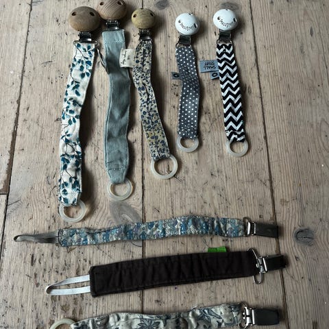 MAM suttesnore til børn i forskellige farver og designs. Hver suttesnor har en plastclips til fastgørelse og en ring til sutten. Materialet er tekstil og plastik.
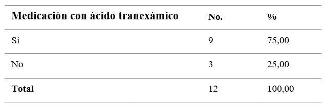 Los datos recopilados indicaron que al 75% de los pacientes que desarrollaron isquemia cerebral tardía, a los que les fue suministrado ácido tranexámico previamente como parte del tratamiento; encontrando una relación significativa entre ambas variables (p=0.008). Con respecto a ese resultado, un estudio de la Neurosurgery Journal(19) reporta un hallazgo similar, por lo que esos autores señalan al uso de ese fármaco como un factor de riesgo para el desarrollo de la complicación asociada descrita. Esos investigadores recomiendan el uso de este antifibronílitico para prevenir el resangrado por un corto período de tiempo, pues puede incrementar el riesgo de ictus isquémico en el paciente.
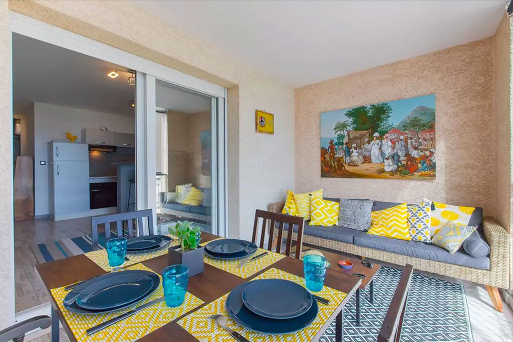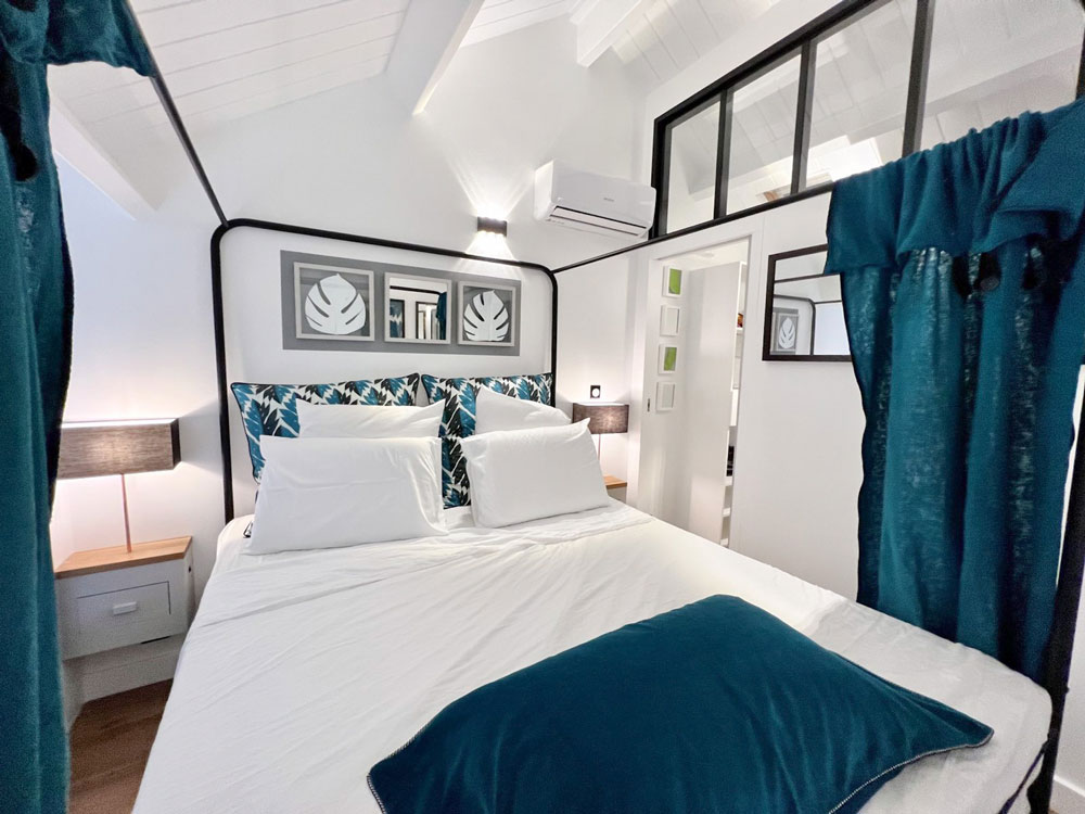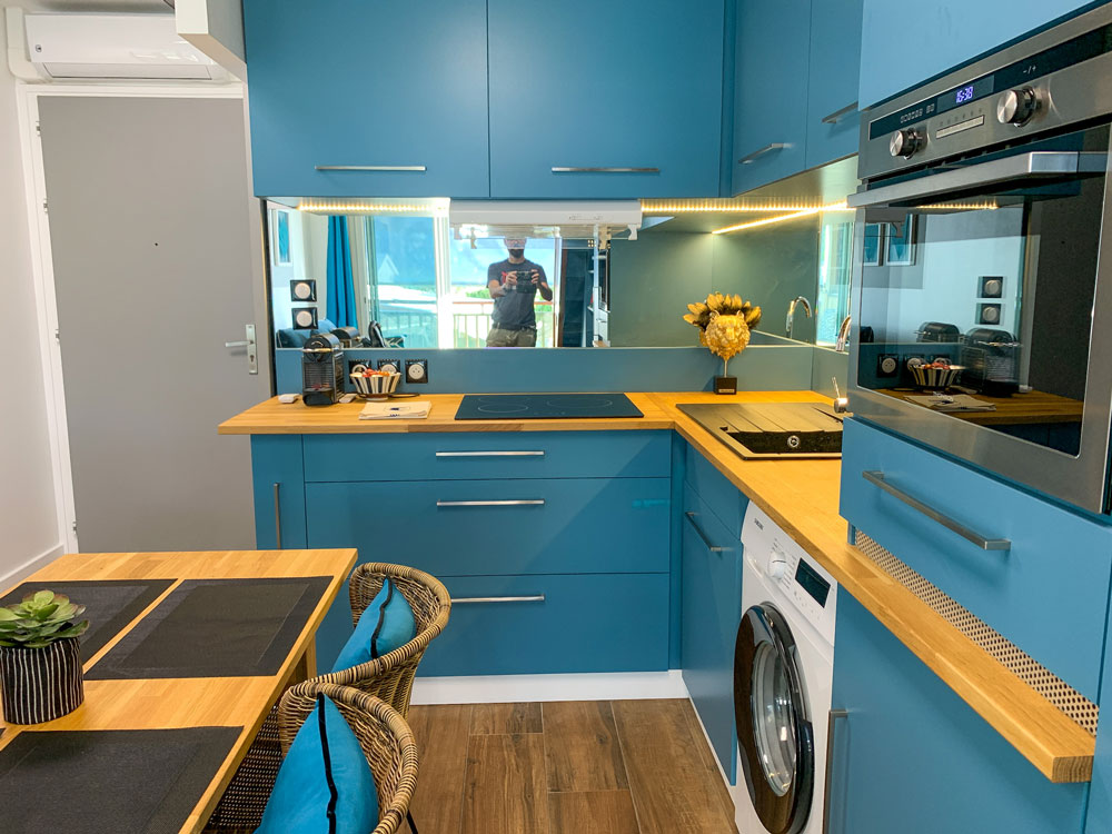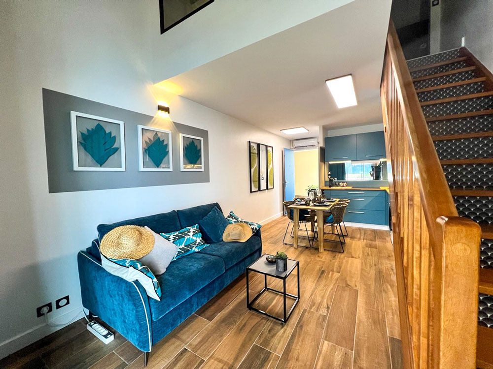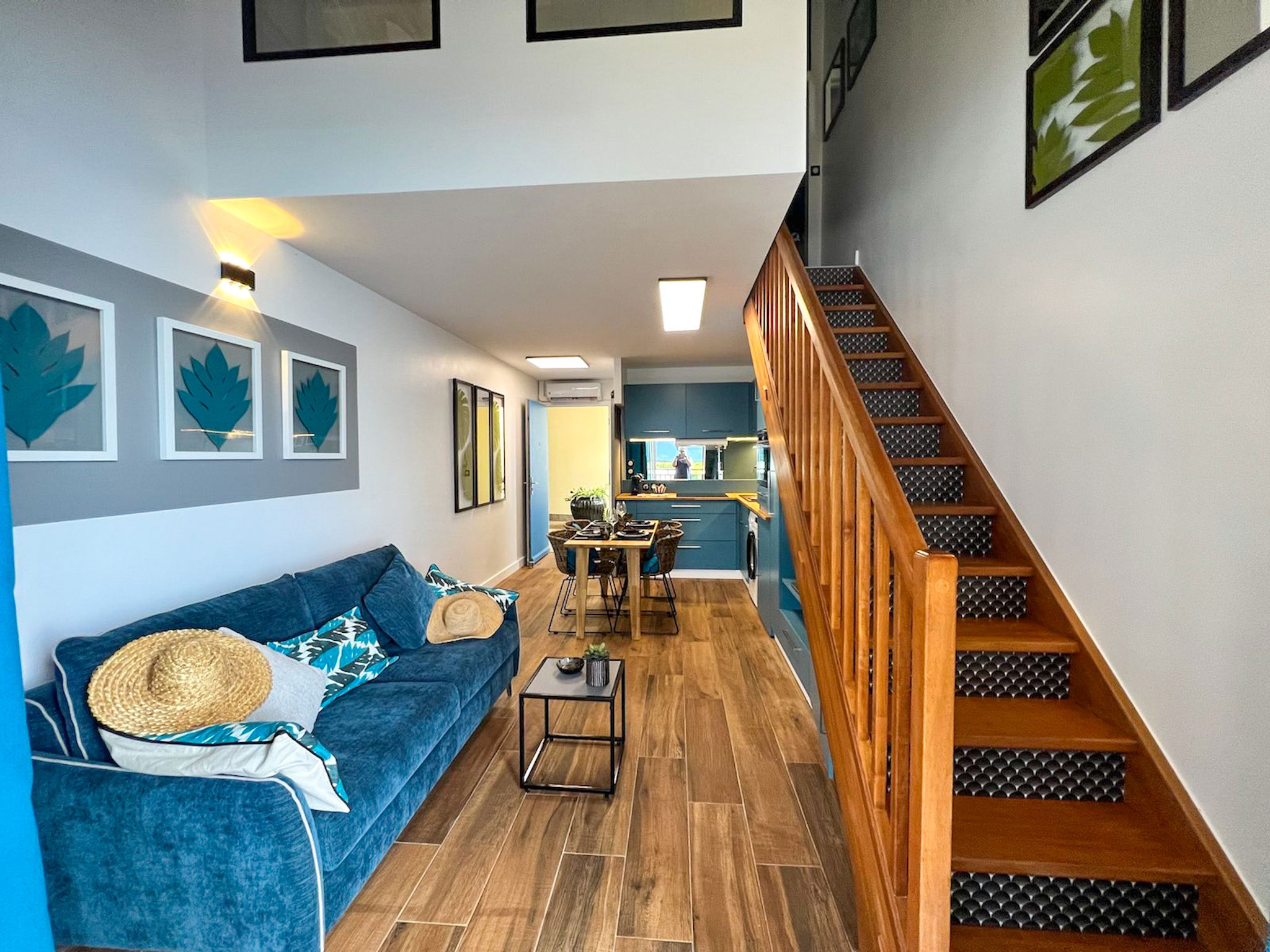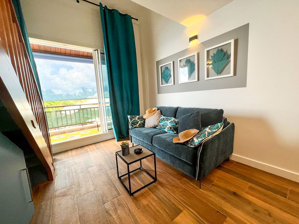 Un duplex refait à neuf, redécoré avec soin, donnant sur l’esplanade des Roches Noires et sur l’Océan Indien
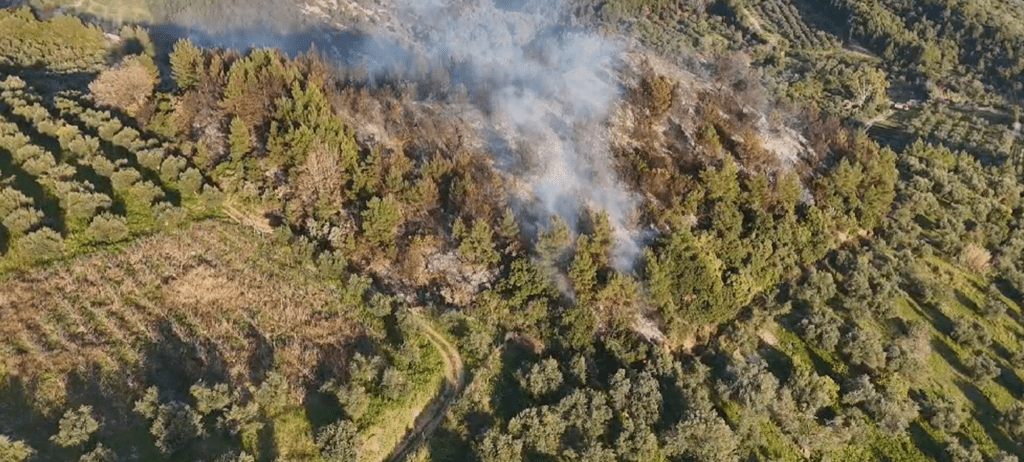 Η πρώτη μεγάλη πυρκαγιά της φετινής χρονιάς σημειώθηκε το μεσημέρι του Σαββάτου στη ζώνη Ελαιώνα-Αμπελώνα-Χειμαδιού του δήμου Πύργου, αφήνοντας πίσω της περίπου 40 με 50 στρέμματα αναγεννημένης δασικής έκτασης.
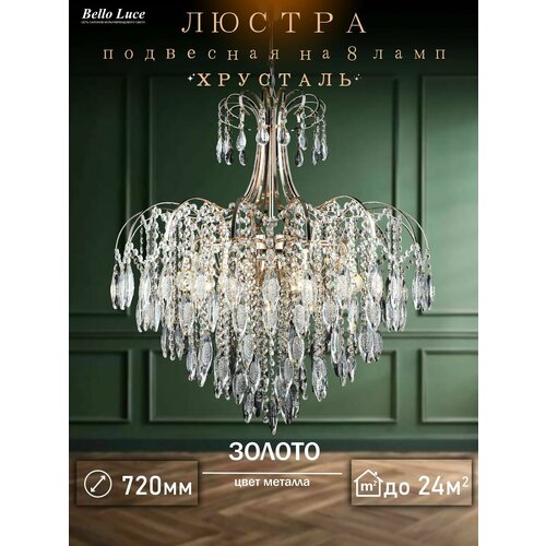 Люстра хрустальная золотая подвесная круглая с прозрачными хрустальными подвесками на 8 ламп E27, регулировка по высоте: сравнение цен, характеристики, фото, актуальное наличие и цены.

__________________________________________________

YOUR INSTRUCTIONS: Please write out the lines above exactly, from the one that contains "Los datos recopilados" through the final line, and include none of the pictures.

RESULT FOR THIS TASK:
 Los datos recopilados indicaron que al 75% de los pacientes que desarrollaron isquemia cerebral tardía, a los que les fue suministrado ácido tranexámico previamente como parte del tratamiento; encontrando una relación significativa entre ambas variables (p=0.008). Con respecto a ese resultado, un estudio de la Neurosurgery Journal(19) reporta un hallazgo similar, por lo que esos autores señalan al uso de ese fármaco como un factor de riesgo para el desarrollo de la complicación asociada descrita. Esos investigadores recomiendan el uso de este antifibronílitico para prevenir el resangrado por un corto período de tiempo, pues puede incrementar el riesgo de ictus isquémico en el paciente.
 Un duplex refait à neuf, redécoré avec soin, donnant sur l’esplanade des Roches Noires et sur l’Océan Indien
 Η πρώτη μεγάλη πυρκαγιά της φετινής χρονιάς σημειώθηκε το μεσημέρι του Σαββάτου στη ζώνη Ελαιώνα-Αμπελώνα-Χειμαδιού του δήμου Πύργου, αφήνοντας πίσω της περίπου 40 με 50 στρέμματα αναγεννημένης δασικής έκτασης.
 Люстра хрустальная золотая подвесная круглая с прозрачными хрустальными подвесками на 8 ламп E27, регулировка по высоте: сравнение цен, характеристики, фото, актуальное наличие и цены.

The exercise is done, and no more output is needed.